= Camilo Tiqui (candidate) =

Camilo Tiqui was a perennial candidate for public office in Toronto. He was an intelligence officer in the Philippine military, and moved to Canada in 1976. He later worked for De Havilland as an aircraft technologist. Tiqui was fifty-one years old in when he ran in Parkdale for the 1987 Ontario provincial election. He campaigned in favour of a more equitable system of taxation.

He tried to challenge Sergio Marchi for the Liberal nomination in York West in the 1988 federal election, but was ruled ineligible on the grounds that his nomination papers were misfiled.

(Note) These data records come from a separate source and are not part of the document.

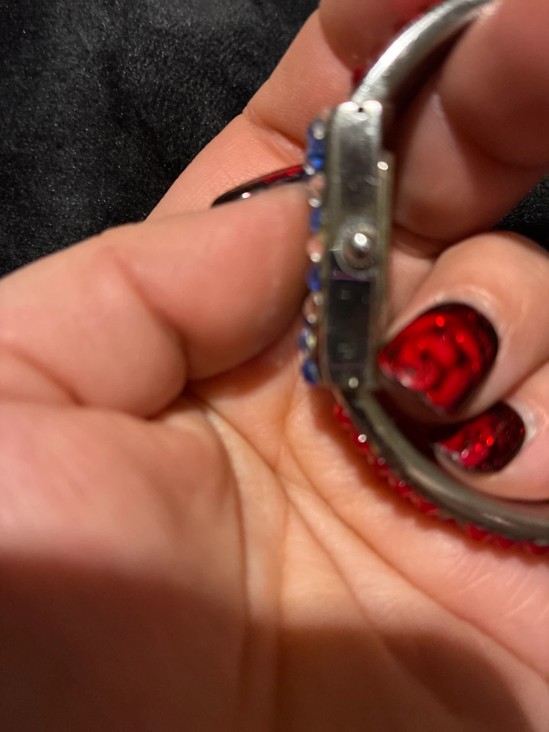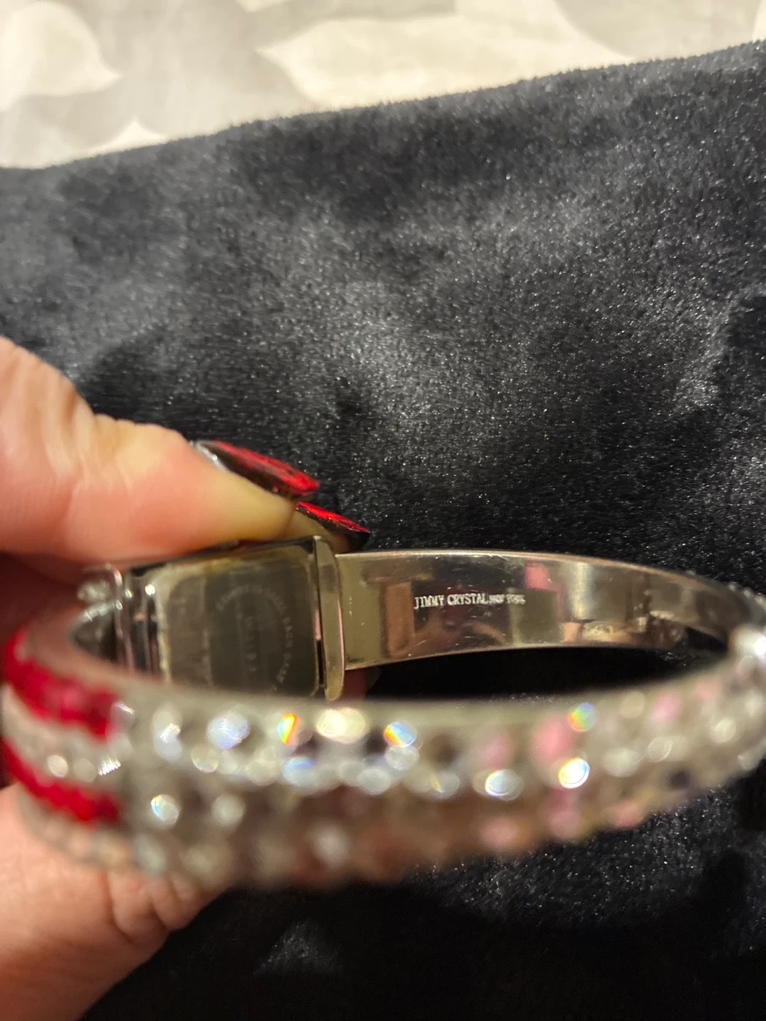 Sparkling watch with red and blue crystal accents. Features a rectangular face with a silver-tone band. It's a stylish accessory for any occasion by Jimmy Crystal.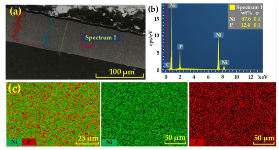 Test results of the experimental sample. (a) Cross-sectional morphology of the NiP coating, (b) Elemental analysis result, and (c) EDS mapping.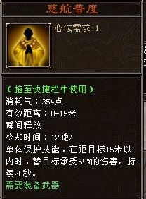 少林的技能,帮目标化解部分伤害。有点雷锋的味道,门派讨论区哀号一片,都觉得已经够烦恼了,还要把当炮灰进行到底,实在是可忍孰不可忍。我稍微提一下,这个技能提高了少林的人格魅力,几乎没有增强少林的单P能力,但是对于新副本作战,作用挺大,藏经阁副本即将是一大热门,副本中要保护一个武僧,该武僧不能靠峨眉加血,只能靠少林的拉和这个化解技能了。由于少林的人数不多,以后可能会呈现少林“打架不行,但副本没少林不行”的局面。

Tiqui expressed concern about overpopulation in the Toronto's Black Creek area during the 1988 campaign. He called for increased multicultural programs in 1991. In addition to the campaigns listed below, Tiqui also applied to become Mario Gentile's replacement on the Metro Toronto Council in 1994 (council chose to appoint Gentile's successor rather than call a by-election). He was rejected in favour of another candidate.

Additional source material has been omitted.